▶ _What this task involves_:
No pictures go into the copy. Write out exactly the lines below from the one containing "点击在线咨询,用户可以输入内" through the one containing "Greenhouse plastic film".

▶ _Records shown_:
[Start of Attachment]
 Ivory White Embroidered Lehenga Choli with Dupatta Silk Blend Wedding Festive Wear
[End of Attachment]
[Start of Attachment]
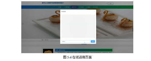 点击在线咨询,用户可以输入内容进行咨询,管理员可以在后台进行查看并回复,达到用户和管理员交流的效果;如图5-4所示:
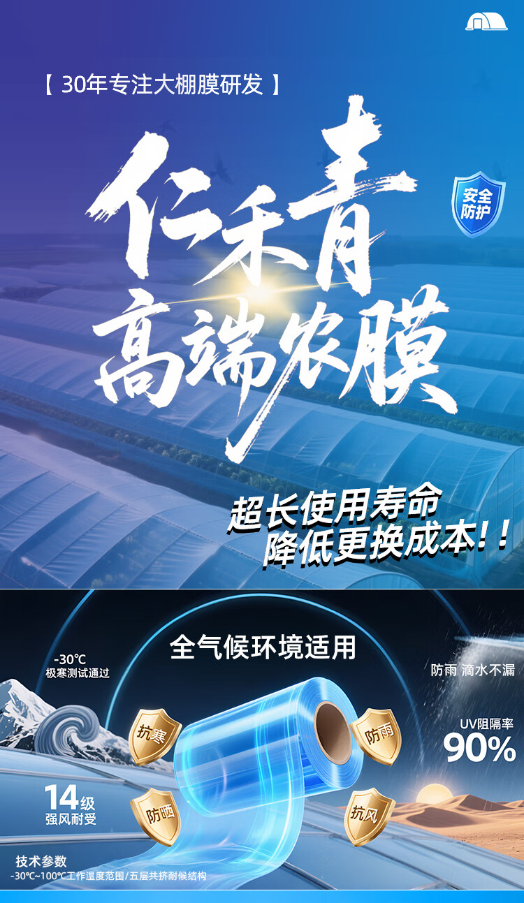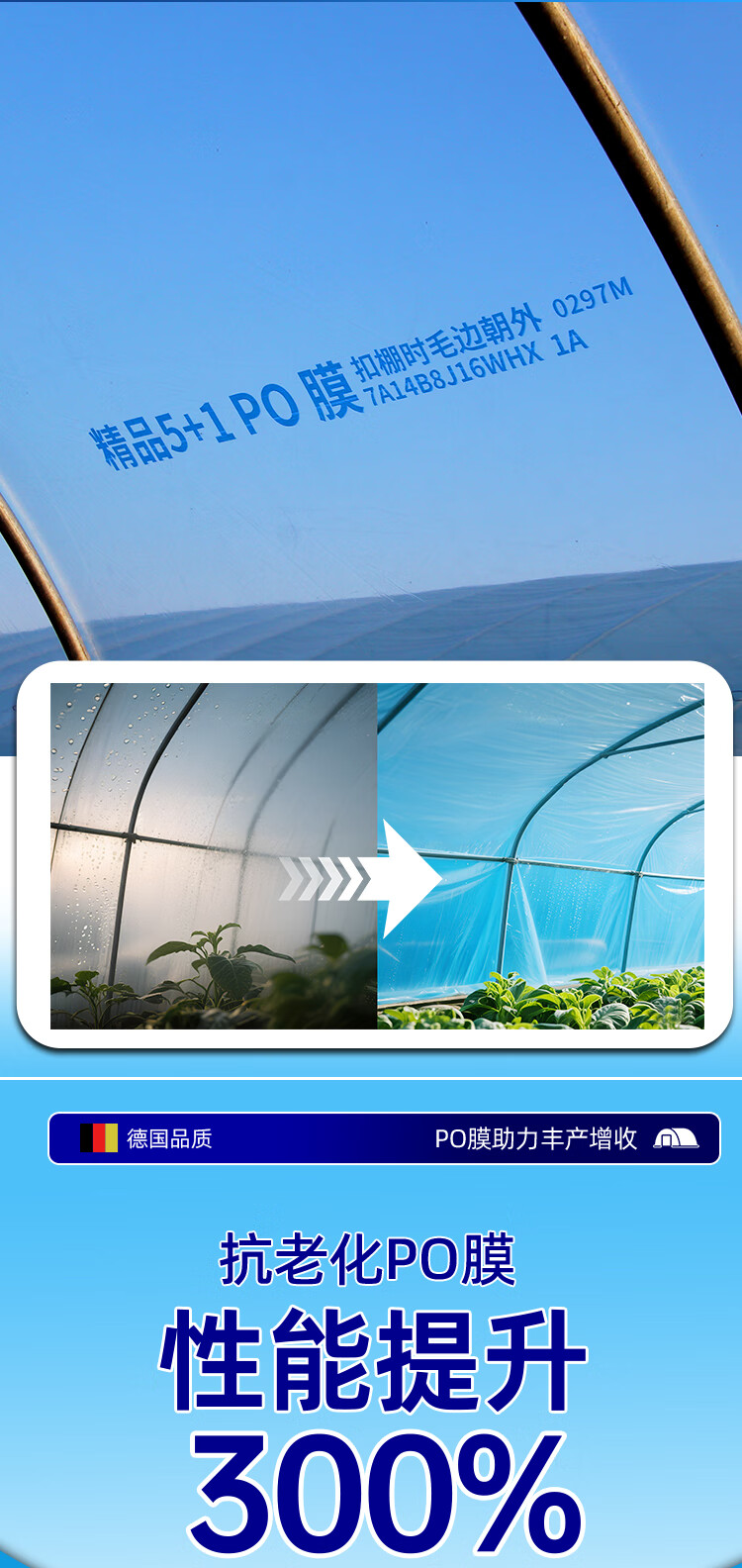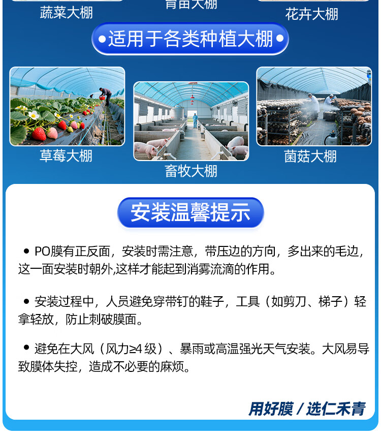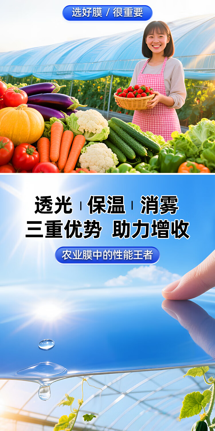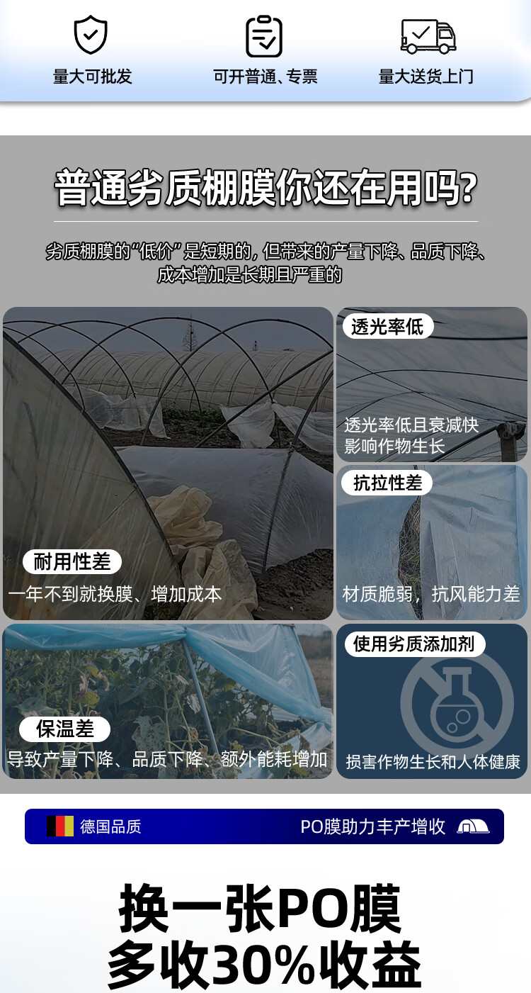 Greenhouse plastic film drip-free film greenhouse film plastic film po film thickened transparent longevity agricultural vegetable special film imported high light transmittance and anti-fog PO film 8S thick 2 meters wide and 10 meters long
[End of Attachment]
▶ _Reply to the task_:
 点击在线咨询,用户可以输入内容进行咨询,管理员可以在后台进行查看并回复,达到用户和管理员交流的效果;如图5-4所示:
 Greenhouse plastic film drip-free film greenhouse film plastic film po film thickened transparent longevity agricultural vegetable special film imported high light transmittance and anti-fog PO film 8S thick 2 meters wide and 10 meters long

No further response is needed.